Para aplicar el DRR se siguen los siguientes pasos:
  1. Primero se identifican las necesidades empresariales en términos operativos, es decir, QUE resultados operativos se DEBERÍAN obtener.

  2. Seguidamente se establecen los modelos detallados de actuación (basados en las mejores prácticas o en las competencias) para obtener los resultados operativos que se DEBERÍAN obtener.

  3. Una vez descritas las mejores prácticas para obtener los resultados deseados de rendimiento, se determinan los posibles desajustes (gap) entre lo que DEBERÍA y lo que ES.

  4. Finalmente se identifican las CAUSAS internas y externas que dificultan o favorecen las mejores prácticas.
Una vez identificadas las causas que impiden que los empleados alcancen el rendimiento que contribuye al éxito de la organización, se diseñan soluciones que eliminen de forma rápida y eficaz dichos obstáculos de forma que los empleados puedan mejorar su rendimiento y alcanzar su pleno potencial de trabajo.

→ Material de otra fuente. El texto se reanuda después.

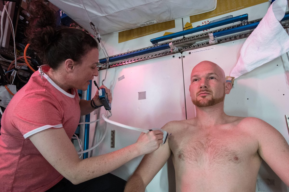 My crew mate @AstroSerena looking into my muscles with an ultrasound probe, as part of the Myotones experiment. Trying to develop a quick way to determine the training & health state of a muscle. My part in this experiment is trying to be completely relaxed... #Horizons
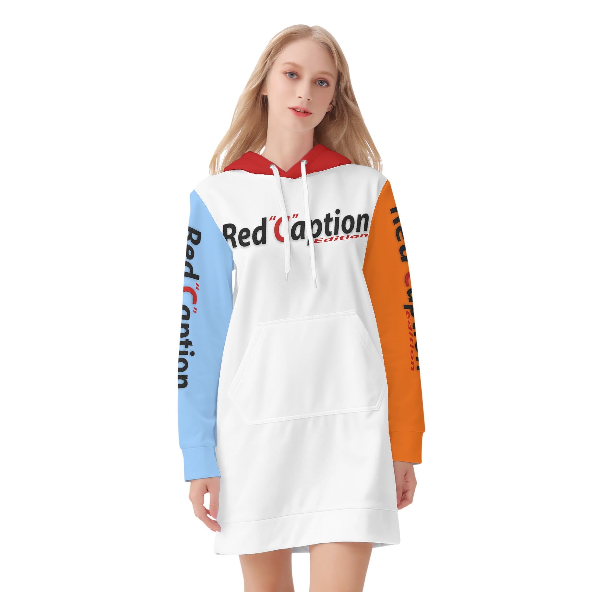 Red Caption Hoodie Dress 1
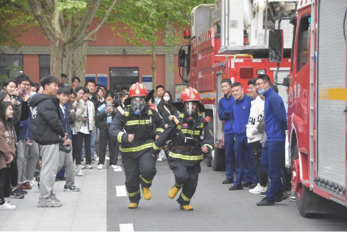 活动伊始,由消防队队长为参与人员讲解活动流程,宣布活动开始。活动过程中消防员演示消防器材的使用,消防服的穿戴;并积极鼓励参与人员进行尝试。通过这次演示,是大学生体验到了在消防过程中的体验,激发了去了解的兴趣,使大学生更有兴趣自主了解消防相关的知识。
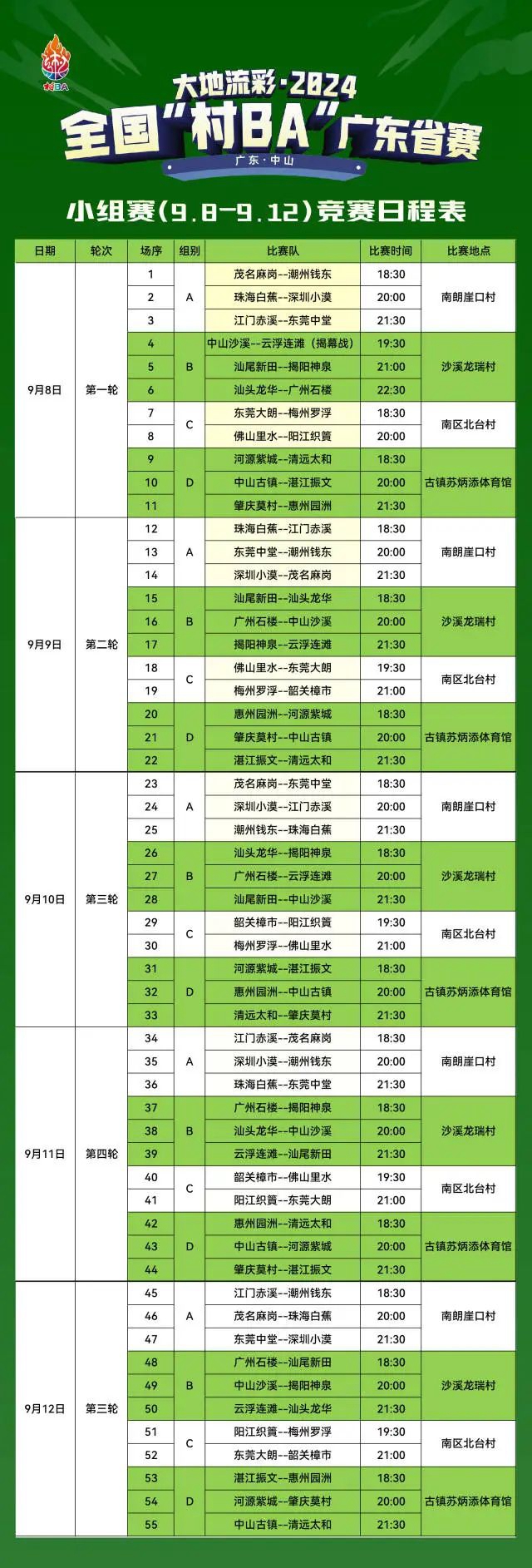 根據(jù)賽程,9月8日,2024全國(guó)“村BA”廣東省賽正式開(kāi)賽。首個(gè)比賽日,小組賽在中山市沙溪鎮(zhèn)龍瑞村、南區(qū)街道北臺(tái)村、古鎮(zhèn)鎮(zhèn)、南朗街道崖口村4個(gè)賽區(qū)同步開(kāi)打。
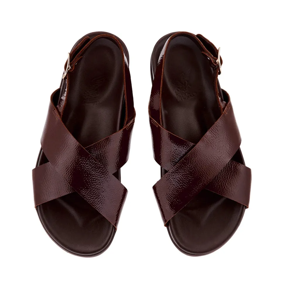 Ikesia is simple and streamlined – two wide bands cross over the foot, and a single slender strap holds the foot in place, with our signature winged buckle. This iteration incorporates our new footbed construction: we’ve redesigned this comfort-focused sole for enhanced anatomical support and all-day comfort, while making the shape more refined than ever – note the slimmer sole and elevated styling. One of our iconic styles, this version is constructed in Naplak leather, high-shine with a distinctive crinkled texture.
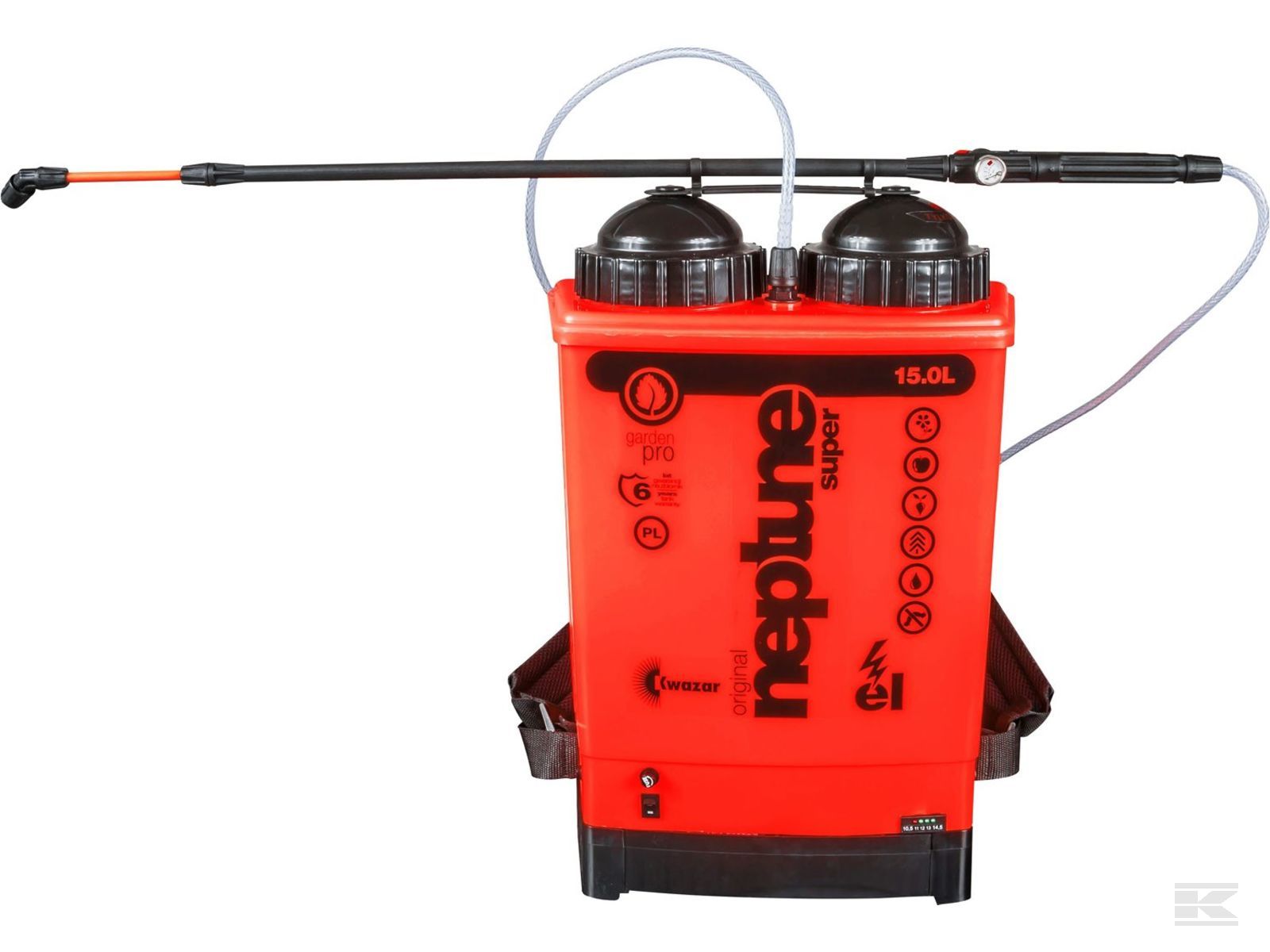 Kwazar Neptune akkukäyttöinen reppuruisku - säiliö 15 litraa - sopii niin ammattikäyttäjällä kuin kotipuutarhurille.
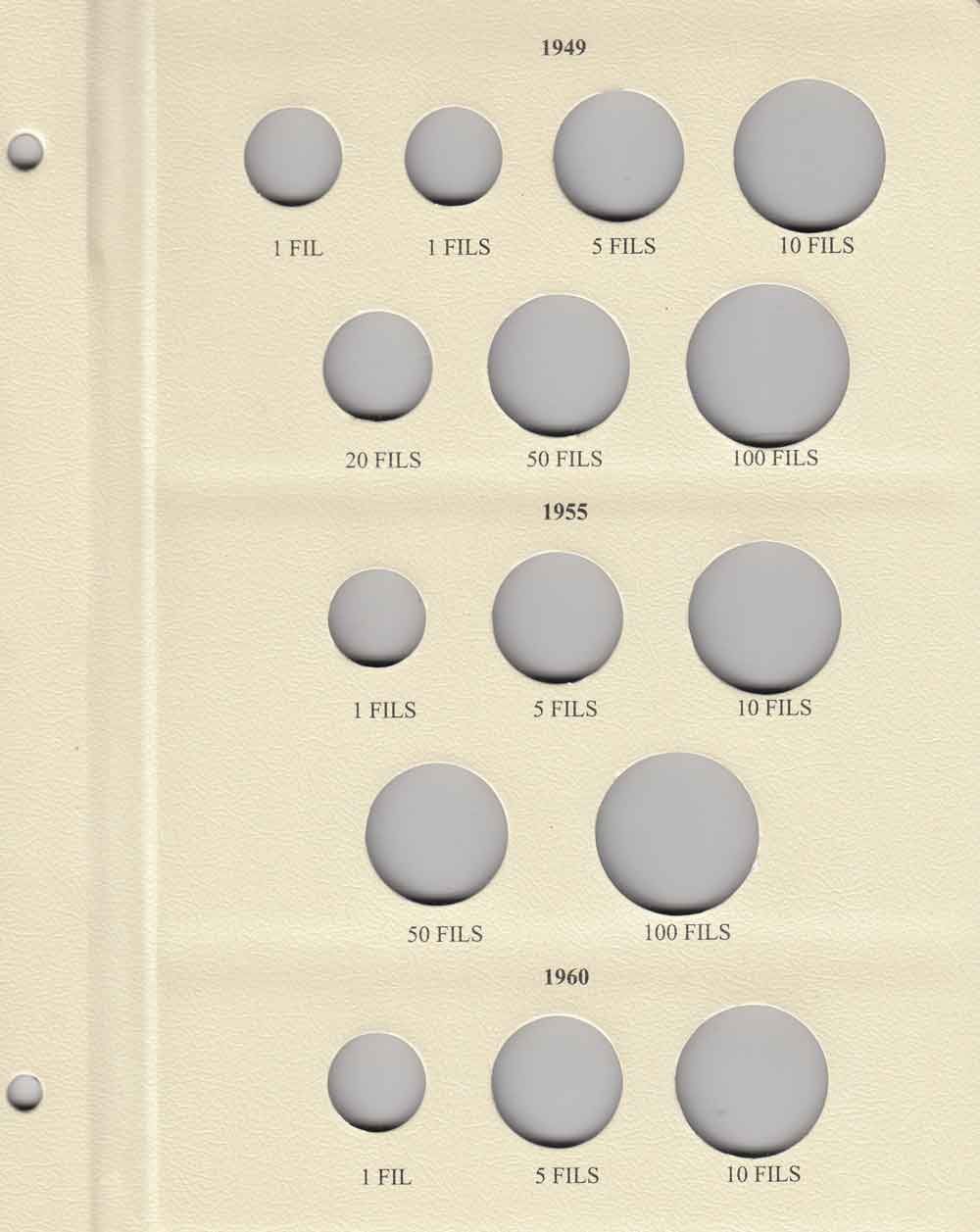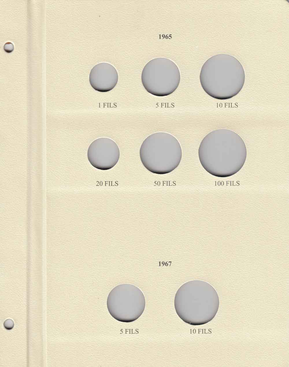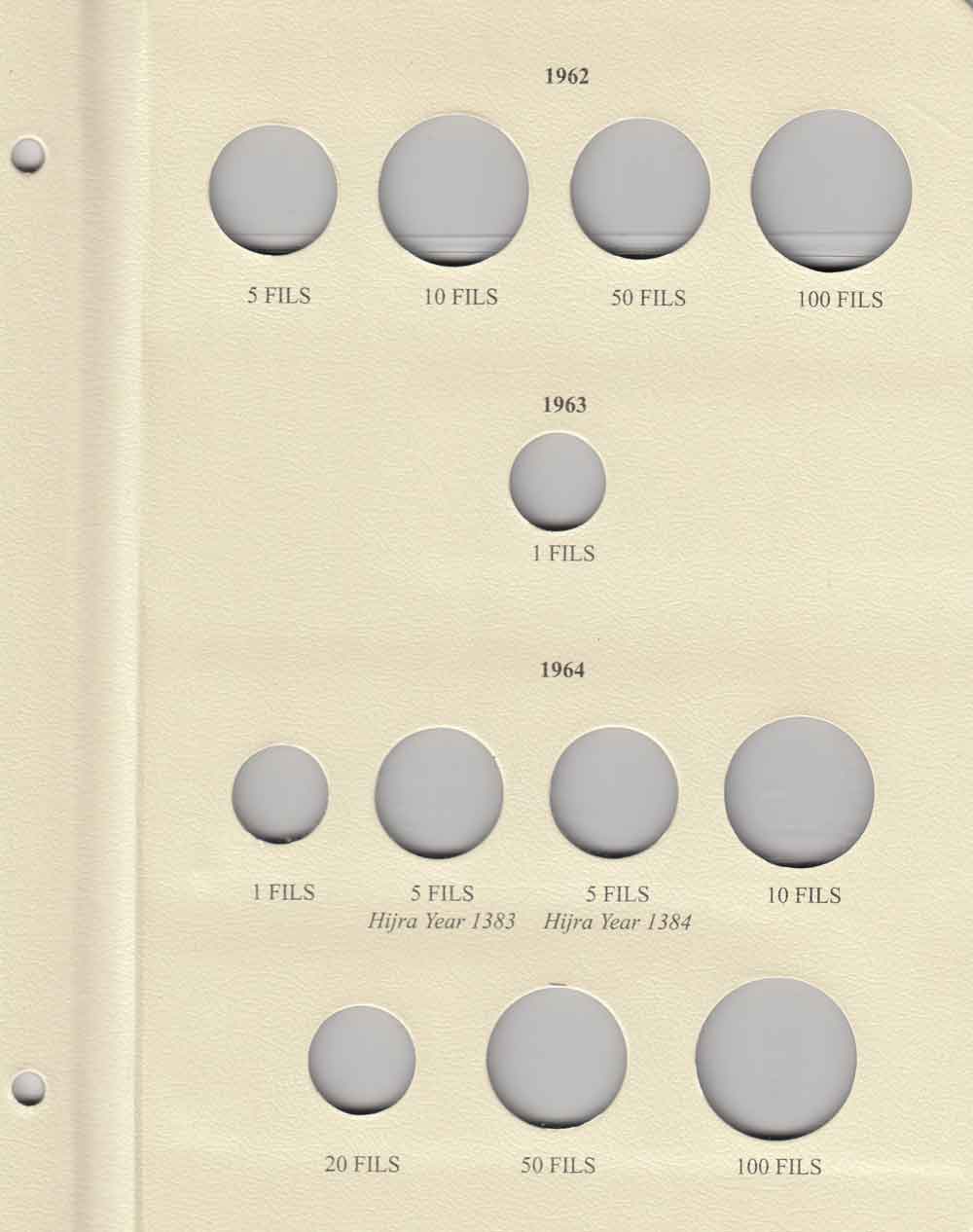 This album consists of 3 pages and contains a total of 35 slots. These slots are designed to house coins issued by Jordan between 1949 and 1967, with the correct diameters and dates for all known varieties.

Para seleccionar el conjunto definitivo de soluciones, la MRH considera que la intervención sea adecuada, es decir que sirva para acabar con el problema, que el coste de la intervención sea menor que el coste que causa el problema de rendimiento, que la capacidad, los recursos y los plazos hagan que esta intervención sea posible y que la organización y los empleados estén conformes.

En la fase de diseño, creación y puesta en marcha de las intervenciones, el Consultor de Rendimiento asume el papel de monitor y facilitador del trabajo; éste a menudo es realizado por especialistas. Los Consultores de Rendimiento creamos bases de datos de proveedores (tanto internos como externos a la organización) a quienes se pueda delegar parte del trabajo cuando sea necesario.

Mientras la formación tradicional suele limitarse a medir el impacto formativo en función del grado de satisfacción de los participantes, o de la cantidad de horas de formación por empleado y año, la MRH considera obligatoria la evaluación de principio a fin y el compartir con el cliente la necesidad de obtener buenos resultados.

El éxito se mide en términos de aportación al cambio en el rendimiento.

El éxito es lo que los clientes dicen que hemos hecho para ayudarles a alcanzar los resultados de empresa deseados.